EXERCISE BRIEF: Starting with the line that has "Designed for everyday" in the records below and ending with the line that has "(케이시사타임즈) 울산 남구는", output those lines exactly and nothing more; omit the pictures.
==== DATA FOR ANALYSIS
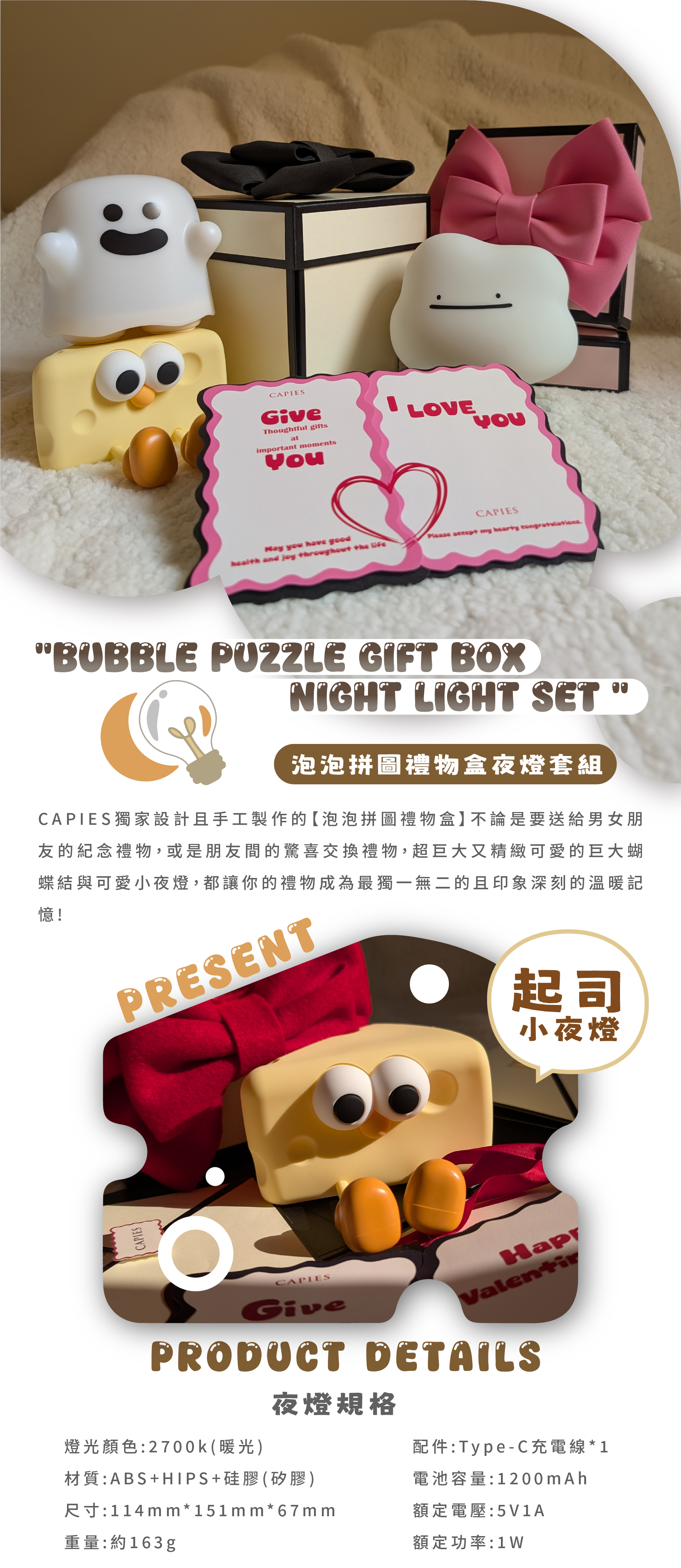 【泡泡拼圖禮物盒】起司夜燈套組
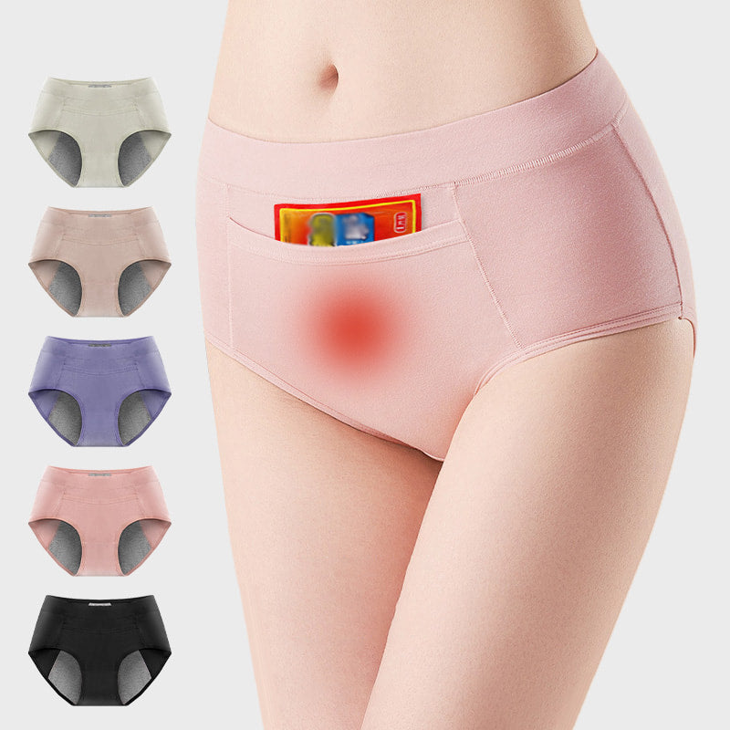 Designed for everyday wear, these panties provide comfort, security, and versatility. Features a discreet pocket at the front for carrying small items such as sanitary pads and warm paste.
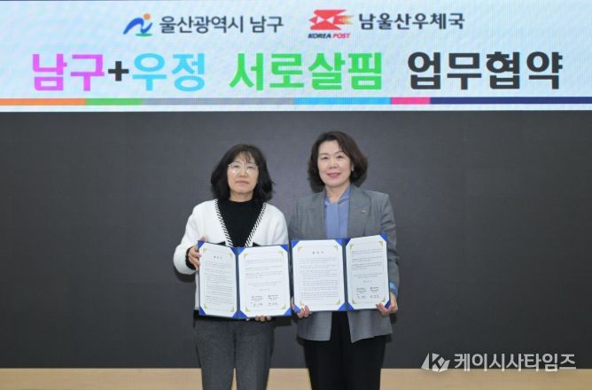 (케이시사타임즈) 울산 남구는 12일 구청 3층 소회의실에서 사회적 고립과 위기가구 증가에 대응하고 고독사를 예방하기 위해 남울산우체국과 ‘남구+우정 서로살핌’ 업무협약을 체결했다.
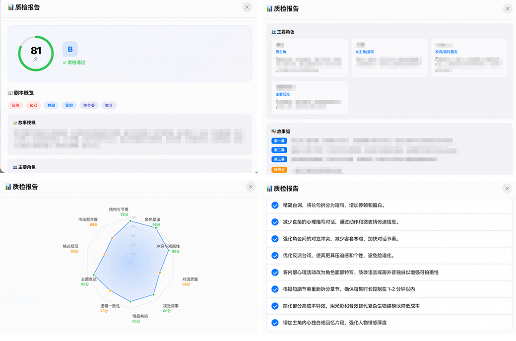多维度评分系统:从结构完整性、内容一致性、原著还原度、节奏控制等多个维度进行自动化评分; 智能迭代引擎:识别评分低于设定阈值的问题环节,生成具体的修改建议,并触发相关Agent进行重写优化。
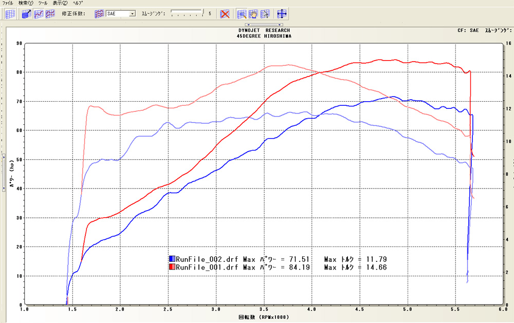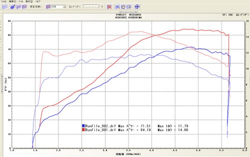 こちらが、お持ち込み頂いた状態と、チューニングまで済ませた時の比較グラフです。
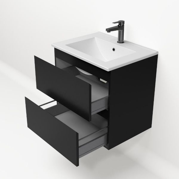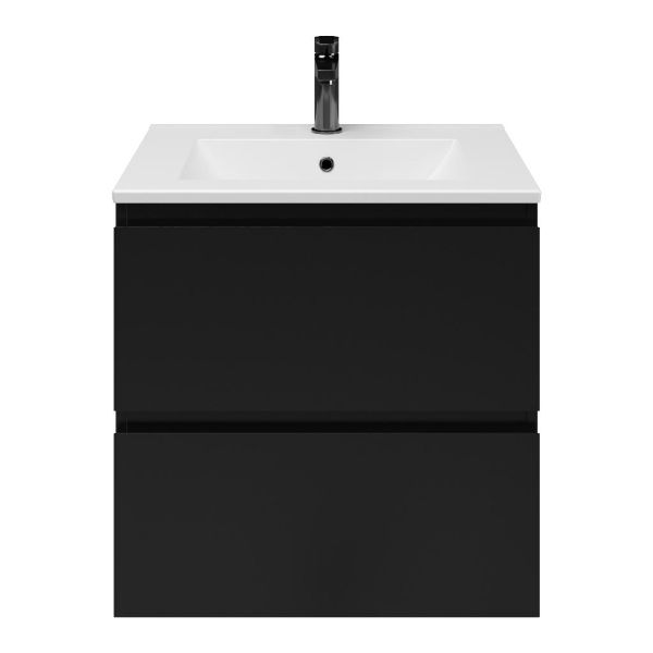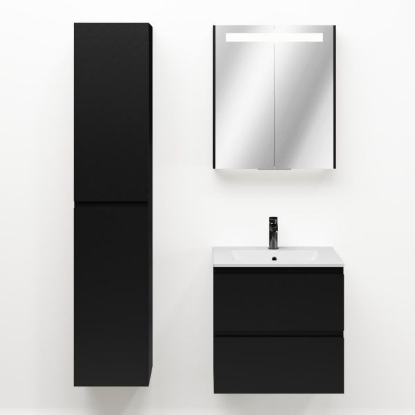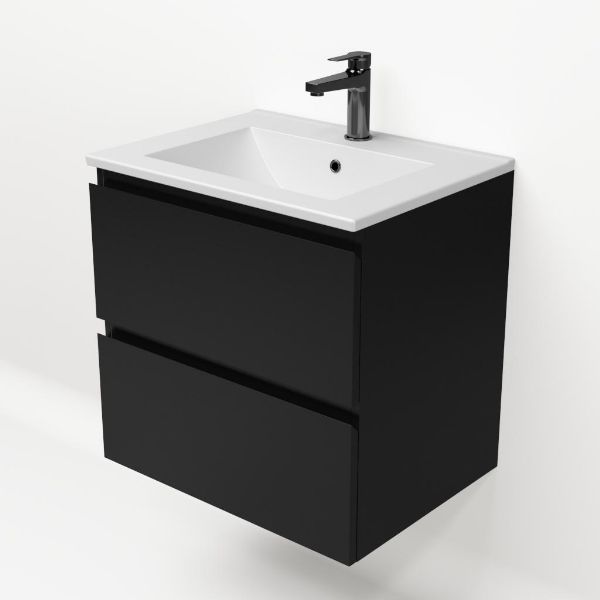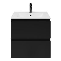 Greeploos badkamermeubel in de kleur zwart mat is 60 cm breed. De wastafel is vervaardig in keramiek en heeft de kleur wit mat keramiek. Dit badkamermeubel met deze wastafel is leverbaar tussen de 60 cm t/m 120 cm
========
FINAL ANSWER:
 Designed for everyday wear, these panties provide comfort, security, and versatility. Features a discreet pocket at the front for carrying small items such as sanitary pads and warm paste.
 (케이시사타임즈) 울산 남구는 12일 구청 3층 소회의실에서 사회적 고립과 위기가구 증가에 대응하고 고독사를 예방하기 위해 남울산우체국과 ‘남구+우정 서로살핌’ 업무협약을 체결했다.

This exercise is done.